I was reading an article by Michael Moritz late last night and I liked it. Not a dumb guy :).
Here it is. In Summary:
1. Weather data rocks…pay attention.
2. Economists are asshats in general and yutz’s for even trying to make sense of the data.
3. Ratings Agencies are criminal organizations.
4. Earthquake predictors have a bad rap.
In essence, big data, has it’s uses. Woot.
If you are an investor, I dont think it means much or you should listen (99 percent of you).
I live on small data.
In fact, I have been trying to ‘live small’ since moving to Coronado in 2010.
They say that price never lies, but it does while it’s moving. Prices in the markets are a culmination of big data I suppose… and that is why it lies while it’s moving.
At the end of the day we are once again left with small data in closing prices.

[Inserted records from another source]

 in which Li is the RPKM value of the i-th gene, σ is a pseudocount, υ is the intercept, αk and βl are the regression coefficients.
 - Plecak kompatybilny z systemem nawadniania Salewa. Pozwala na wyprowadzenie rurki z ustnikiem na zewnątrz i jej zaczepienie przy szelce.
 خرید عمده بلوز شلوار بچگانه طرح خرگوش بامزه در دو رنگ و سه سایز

Cost you nothing. Same with volume. I trust volume in the markets less and less each day as volume gets spread around the world and overseas and ‘off’ market.
Today, we have a new dimension in my world of price and volume…social data. I can tap into it with free tools. Stocktwits has such a tight group of people from all over the world that scour the market and share, that our relatively small group of people can spot trending tickers and markets. Costs you nothing. Tap into it. Of course there is a learning curve.

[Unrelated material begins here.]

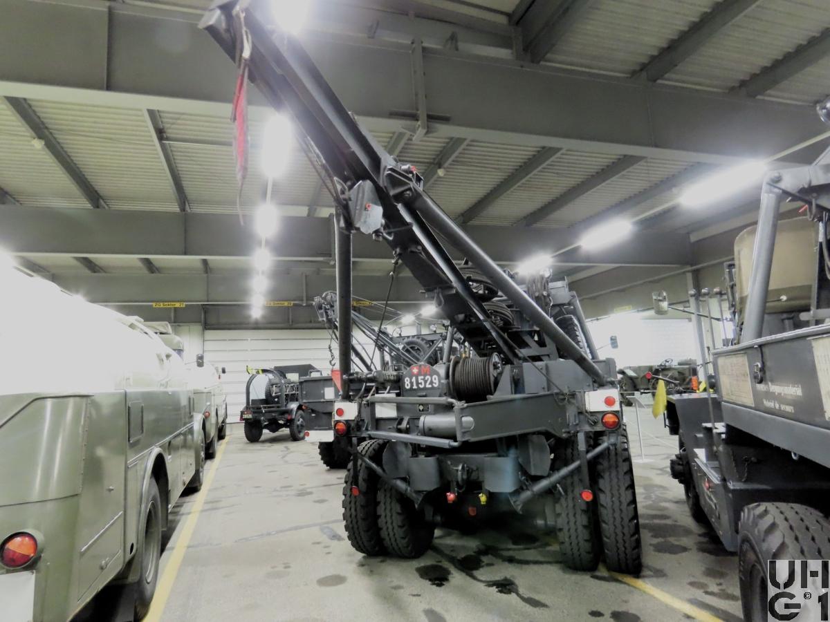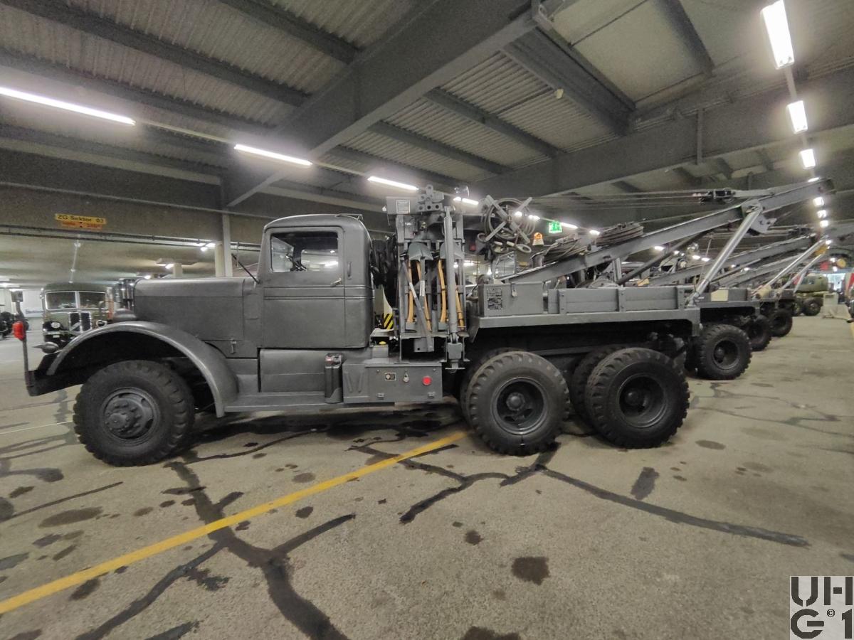 | Achsen | Vorne Hersteller Timken Typ F-3200-W-X-3 Starrachse Antriebsachse mit Kegelraddifferential und doppelter Rücksetzung Übersetzung 8,27:1 Radantrieb über Homokinetische Antriebsgelenke Halbelliptische Längsblattfedern Hydraulische Hebelstossdämpfer Felgen Stahlscheibenräder, durchbrochen, Flachbettfelgen mit Sprengring Bereifung Armstrong Heatmaster 11.00 - 20 Military, 12 Ply Einfachbereifung Hinten 1. Achse Hersteller Timken Typ SD-3000-PA-X-5 Starrachse Antriebsachse mit Kegelraddifferential und doppelter Rücksetzung Übersetzung 8,27:1 Radantrieb über Differentialwelle 2. Achse Hersteller Timken Typ 75351-PA-X-5 Starrachse Antriebsachse mit Kegelraddifferential und doppelter Rücksetzung Übersetzung 8,27:1 Radantrieb über Differentialwelle 2 halbelliptische Längsblattfedern, die je auf einem Privotzapfen drehbar gelagert und an jedem Ende auf eine der beiden Hinterachsen abgestützt sind. Achsführung durch gummigelagerte Längslenker Felgen Stahlscheibenräder, durchbrochen, Flachbettfelgen mit Sprengring Bereifung Armstrong Heatmaster 11.00 - 20 Military, 12 Ply Doppelbereifung |

The hedge funds and banks have been too busy with Greece, Spain, their own leverage, rules, layoffs and greed that ‘social data’ is not yet mainstream in the financial world. The banks and big funds will eventually rush into this space and crunch away on the ‘social’ big data because – everyone is holding their hands connected on Facebook. There must be ‘signal’ in the noise. A few will find it of course and start hedge funds. A few will just say they have it and sell it to hedge funds and individual investors.
Stay away from big in today’s financial world. It has not worked in the past unless you were the house. The house got bigger after 2008, but the rest of us got smaller. Embrace it.